New books advocate ‘open source’ model for nanotechnology

Franco Iacomella16th May 2012

Source: UTS

Nanotechnology and Global Equality, by Dr Donald Maclurcan, and Nanotechnology and Global Sustainability, edited by Dr Maclurcan and Dr Natalia Radywyl, build the case that global prosperity now demands innovation without economic growth, and nanotechnology shows such innovation is possible.

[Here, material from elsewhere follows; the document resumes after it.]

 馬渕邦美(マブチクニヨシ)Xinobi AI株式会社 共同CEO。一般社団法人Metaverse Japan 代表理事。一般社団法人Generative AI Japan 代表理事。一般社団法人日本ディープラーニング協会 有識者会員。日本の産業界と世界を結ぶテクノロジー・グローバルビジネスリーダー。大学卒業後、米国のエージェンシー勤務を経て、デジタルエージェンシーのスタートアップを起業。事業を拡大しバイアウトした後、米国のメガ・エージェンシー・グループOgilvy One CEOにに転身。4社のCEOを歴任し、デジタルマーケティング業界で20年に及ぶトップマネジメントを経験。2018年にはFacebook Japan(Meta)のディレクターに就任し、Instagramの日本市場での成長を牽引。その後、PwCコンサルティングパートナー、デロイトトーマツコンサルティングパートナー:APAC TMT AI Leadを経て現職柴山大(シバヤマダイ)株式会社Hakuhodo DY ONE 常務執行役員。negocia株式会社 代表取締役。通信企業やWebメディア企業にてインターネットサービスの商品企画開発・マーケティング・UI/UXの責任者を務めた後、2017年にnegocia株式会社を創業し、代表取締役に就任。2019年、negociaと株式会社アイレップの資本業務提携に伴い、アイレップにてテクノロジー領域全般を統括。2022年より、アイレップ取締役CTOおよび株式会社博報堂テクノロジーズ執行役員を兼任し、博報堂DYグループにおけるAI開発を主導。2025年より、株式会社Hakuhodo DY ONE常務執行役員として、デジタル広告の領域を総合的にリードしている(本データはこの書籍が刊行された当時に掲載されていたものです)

“Practices like ‘open source nano-innovation’ offer game-changing avenues for bypassing inhibitive start-up costs and ensuring scientific knowledge is freely shared,” said Dr Maclurcan, an Honorary Research Fellow with UTS’s Institute for Nanoscale Technology.

“For the first time in modern history, the right ingredients have surfaced for us to seriously consider innovating without economic growth,” he said.

A US $254 billion market in 2009, recent data – outlined in the books – shows an expected rise to $2.5 trillion by 2015. More than 60 countries are engaging with nanotechnology research and development at a national level, including 16 ‘developing’ countries.

“Nanotechnology research around the world is largely focussed on creating unnecessary products that ensure big gains for multinational corporations and bigger losses for our ecosystems,” Dr Maclurcan said.

“In a world with biophysical limits and vast injustices, our survival depends on the redirection of science towards human need, not human greed.”

The books were officially launched last week by Dr Vijoleta Braach-Maksvytis, former head of nanotechnology at the CSIRO.